A veces pienso que también eres un hereje, dale gracias a Dios que no vives en el siglo XII, sino en el siglo XX, pues si no arderías en llamas, no conocerás la tortura del potro, uno de los juguetes perversos más queridos por la Santísima Inquisición. Te pasas días y noches peregrinando como alma en pena. Nunca has dejado que te confiese, sé que algún día tu corazón se ablandará.
-Fray Barbarroja, hablas como un venerable sacerdote, ¿acaso estás actuando para que este mico crea tus santurronadas? Casi toda tu vida has estado tras secretos tesoros, que dejarían como un principiante a Billy Bones. El viejo sacerdote no pudo aguantar un ataque de risa ante tal desplante y entre carcajadas respondió:
– Ya veo que al fin te leíste la Isla del Tesoro de Stevenson, que te regalé hace años, pero recuerda que no tengo el tatuaje del ahorcado como tú. Tienes razón, traficante de santos, esta noche las paredes no oyen. En el convento todos estarán con las cobijas cubriéndose las orejas y los pocos sesos que les quedan de tanto rezar.
Tenías algún tiempo que no pasabas por estos páramos, ¿Qué te trae por este rincón de los Andes?

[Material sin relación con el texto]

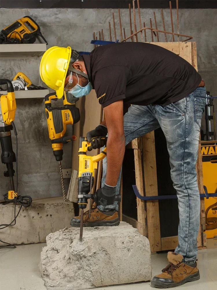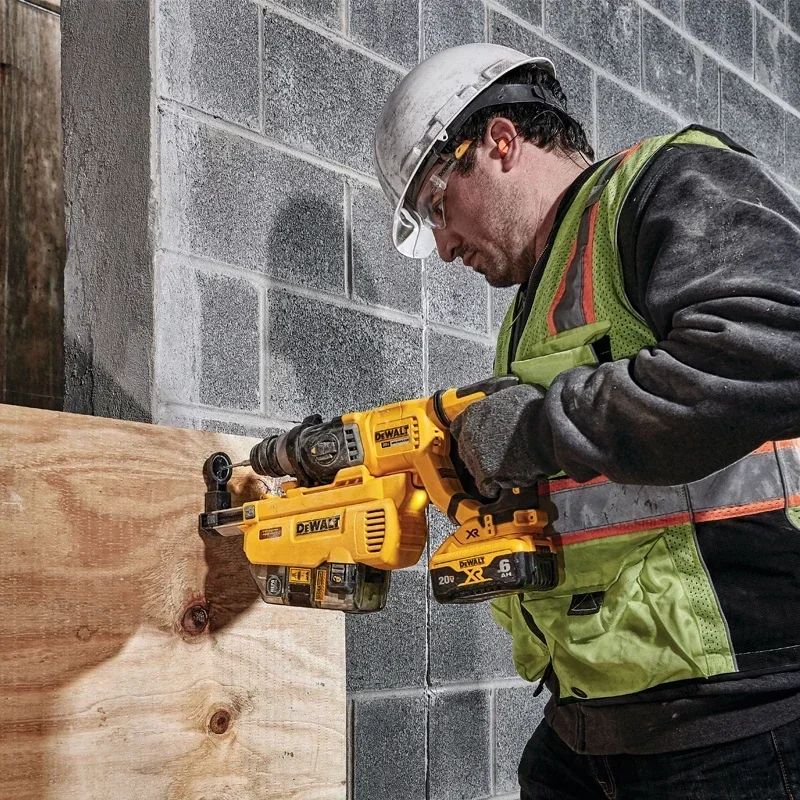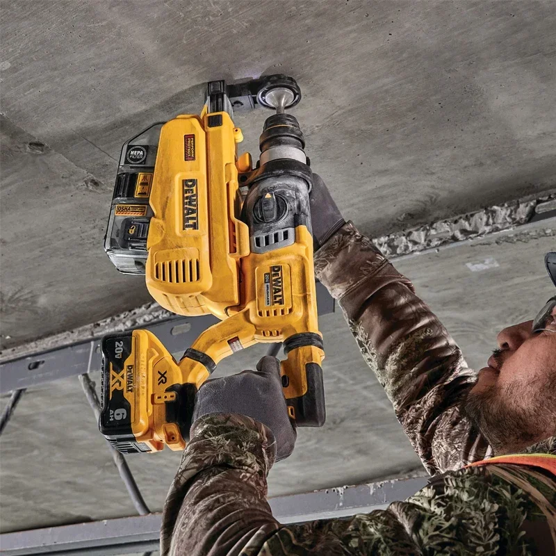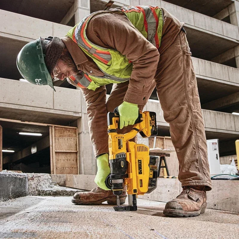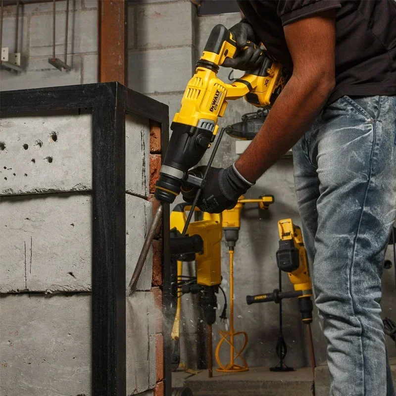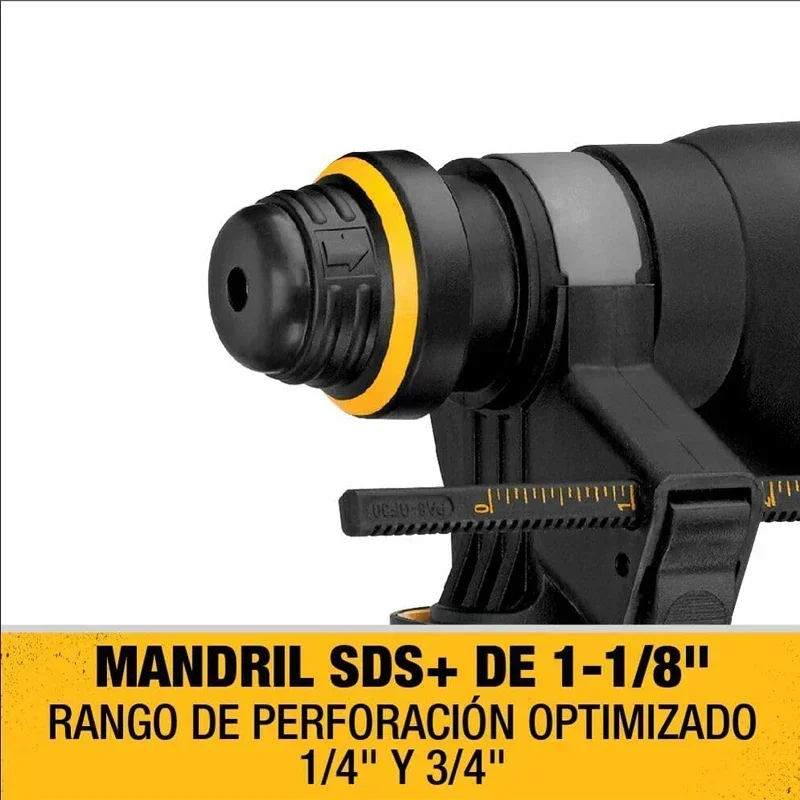 • O sistema de controle de vibração atrito SHOCKS da broca de martelo DEWALT 20V reduz a vibração do usuário nas alças, em comparação com martelos rotativos sem esse recurso.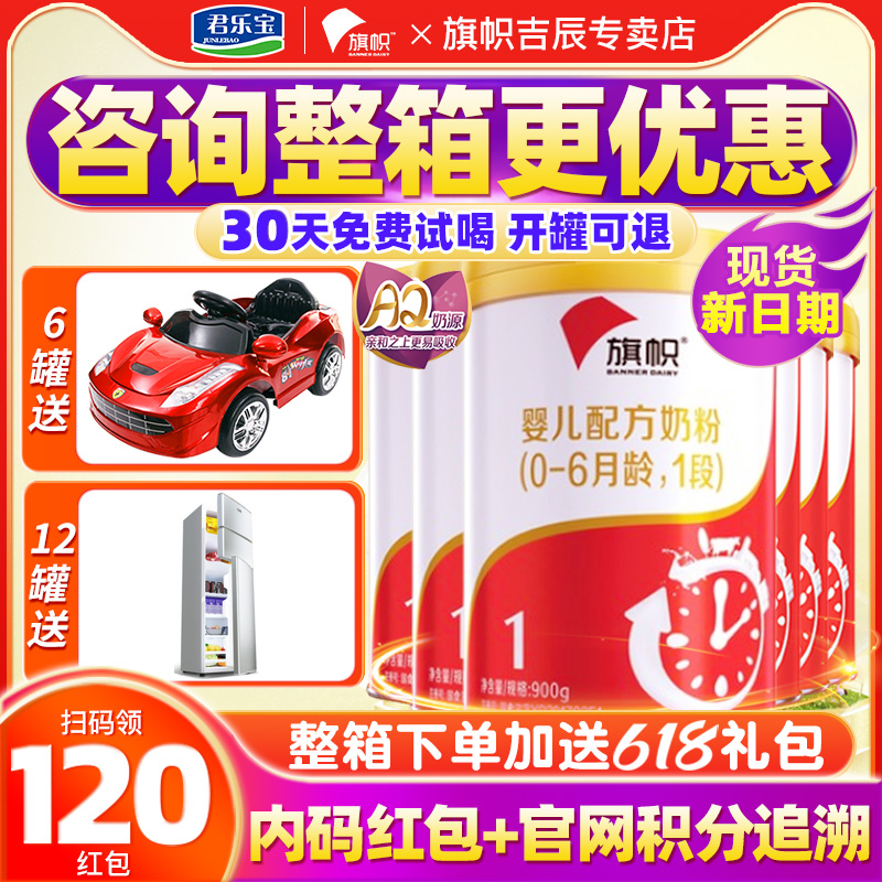 1500 1500 minus 120 Junlebao red flag powdered milk powder 1 segment infant formula milk powder red jars for a section 900g * 4 cans

-No creas que vine a tomar un poco de guarapo calado de lluvia hasta los cojones, vengo porque no tengo nada que vender. Todas las estampas, oraciones, santos y milagros se me han agotado. Con eso de la guerra en el viejo continente, todos parecen angustiados, quien iba imaginar que todo Puerto Cabello, estuvo a punto de incendiarse porque varios barcos tanqueros italianos y alemanes que habían pedido refugio recibieron las órdenes del Führer de llevarlos a pique, para destruir el puerto y evitar que siguieran enviando petróleo al Norte.
De cuando acá has visto a parameros releyendo una, y otra vez el Apocalipsis de San Juan, y todo lo que tenga que ver con las enrevesadas profecías de Nostradamus, ¡hasta buscan con desespero quien les lea las cartas del Tarot! Deberías salir fraile, se te da muy bien eso de leer el oráculo y las cartas. Las estampas y oraciones de San Jorge se me han acabado, se han convertido de la noche a la mañana en el santo predilecto de la devoción popular. En fin, vengo te guste o no a trabajar por un tiempo en tu taller, para tallar algunas matrices y hacer estampas para fundir milagros.
-Serás bien recibido siempre milagrero, pero ahora calentémonos que la noche está muy fría, cúbrete con una de las sotanas secas, sé que pensaras que te quitarán tus poderes oraculares, pero eso es preferible a verte en calzones de algodón y cuero, y con un tazón de guarapo entre las manos. Estarás deseando un sorbito de miche, eso lo beberemos pronto.
-Sabes fraile que una sotana bendecida no va tocar mi piel, así que deja de hacerte ilusiones, mejor deme un sayal, prefiero su tosco tejido a parecer un fraile.
Tras desnudare se cubrió con el sayal, y se le despegó la lengua y comenzó a hablar como loro.